Acrid smoke hung over New Delhi for a second day on Wednesday after a massive landfill caught fire during a scorching heatwave, forcing informal waste workers to endure hazardous conditions.
The landfill in northern Delhi’s Bhalswa is taller than a 17-story building and covers an area bigger than 50 football fields. Waste workers who live in nearby homes had emptied onto the streets on Tuesday evening. But by Wednesday morning, the thousands of people who live and work at the landfill had begun the dangerous process of trying to salvage garbage from the fire.
“There’s a fire every year. It is not new. There is a risk to life and livelihood, but what do we do?” asked Bhairo Raj, 31, an informal waste worker who lives next to the landfill. He said that his children studied there and he couldn’t afford to leave.
The Indian capital, like the rest of South Asia, is in the midst of a record-shattering heat wave that experts said was a catalyst for the landfill fire. Three other landfills around the Indian capital have also caught fire in recent weeks.
The landfill in the latest fire was planned for closure more than a decade ago, but more than 2,300 tons of the city’s garbage is still dumped there every day. The organic waste in the landfill decays, resulting in a build-up of highly combustible methane gas.
“With high temperatures, this spontaneous combustion will take place,” said Ravi Agarwal, the director of Toxics Link, a New Delhi-based advocacy group that focuses on waste management.

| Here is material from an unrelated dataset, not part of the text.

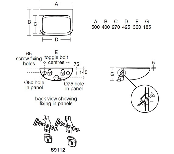 - Specification of 500mm basin.

Several fire engines rushed to the landfill on Tuesday to try and douse the fire. At night, the landfill resembled a burning mountain and it smoldered until early morning.
March was the hottest month in India in over a century and April has been similarly scorching. Temperatures crossed 43 degrees Celsius (109.4 F) in several cities Tuesday and are forecasted to continue rising.
“India’s current heatwave has been made hotter by climate change,” said Dr. Friederike Otto, senior lecturer in climate science at the Grantham Institute in Imperial College London.
She said that unless the world stops adding greenhouse gases to the atmosphere, such heatwaves will become even more common.